_STORED DATA_.
==============================

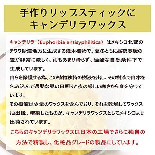 キャンデリラワックスは、口紅に光沢を増し、軟膏や固めのクリーム、固い石けんを作るのに適しています。 口紅やリップクリームには、全体量 25%程度までの配合。 石けんは全体量 2%程度までの配合。クリームや軟膏には、15%程度までの配合。
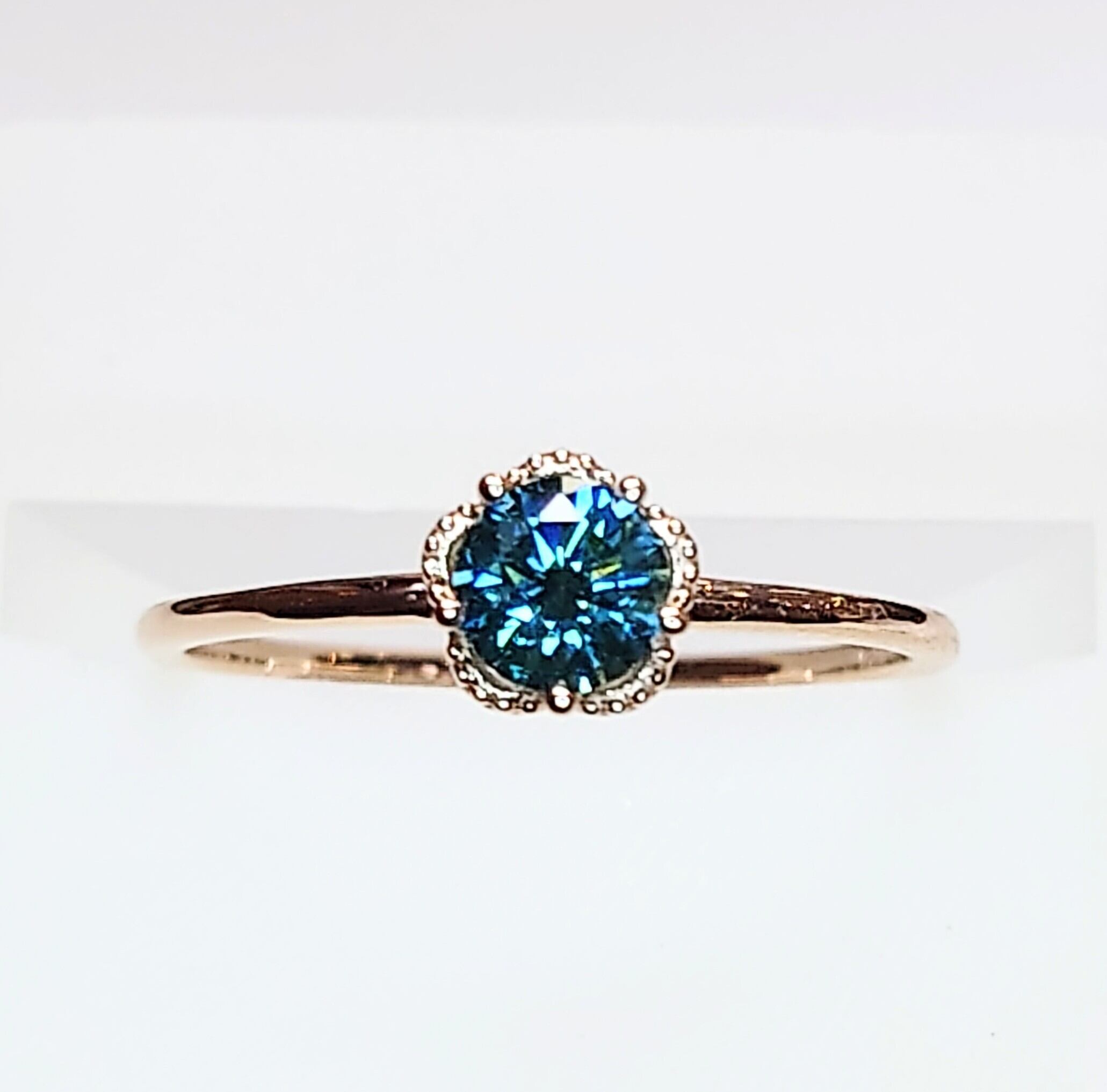 K18ピンクゴールド製の枠に留められた『ブルーダイヤモンド』は色も大きさも存在感の強い0.36ct♪
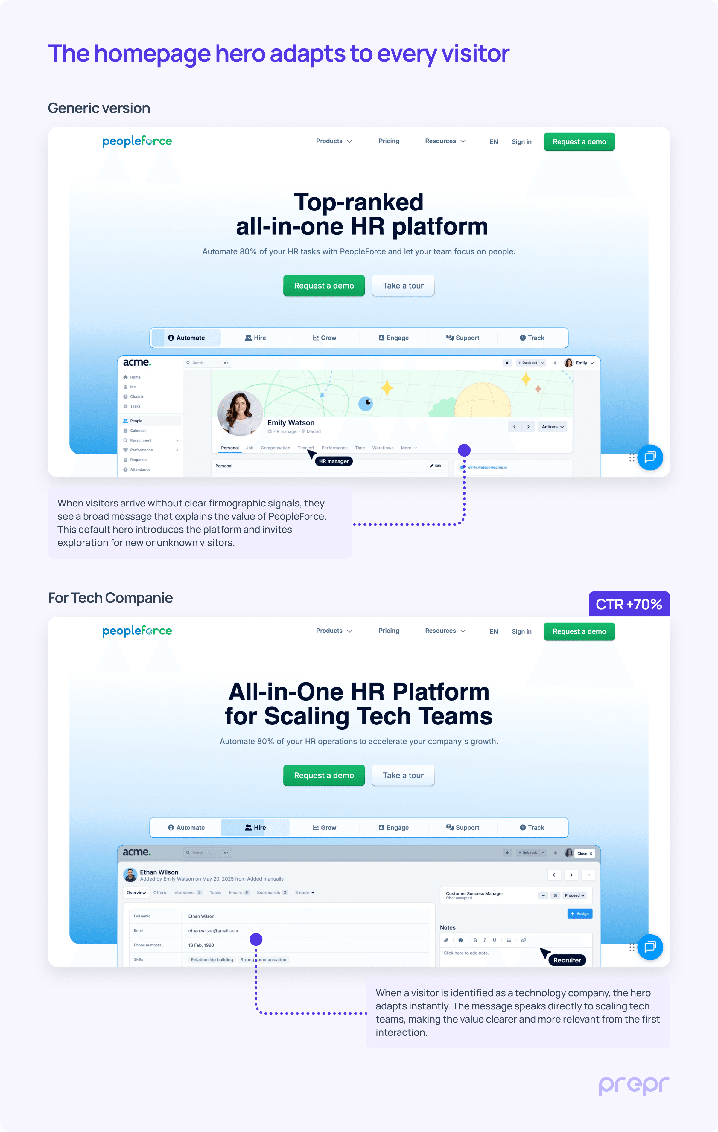 As traffic grew, the team began to look more closely at homepage performance. A large share of visitors comes from technology companies, an audience the team wanted to resonate with more strongly. While the generic hero message positioned PeopleForce as a top-ranked, all-in-one HR platform, it did not explicitly reflect who these visitors were or speak directly to their identity as scaling tech teams.

==============================

Set the material down exactly, images excluded.

_THE COMPLETED TASK_.
 キャンデリラワックスは、口紅に光沢を増し、軟膏や固めのクリーム、固い石けんを作るのに適しています。 口紅やリップクリームには、全体量 25%程度までの配合。 石けんは全体量 2%程度までの配合。クリームや軟膏には、15%程度までの配合。
 K18ピンクゴールド製の枠に留められた『ブルーダイヤモンド』は色も大きさも存在感の強い0.36ct♪
 As traffic grew, the team began to look more closely at homepage performance. A large share of visitors comes from technology companies, an audience the team wanted to resonate with more strongly. While the generic hero message positioned PeopleForce as a top-ranked, all-in-one HR platform, it did not explicitly reflect who these visitors were or speak directly to their identity as scaling tech teams.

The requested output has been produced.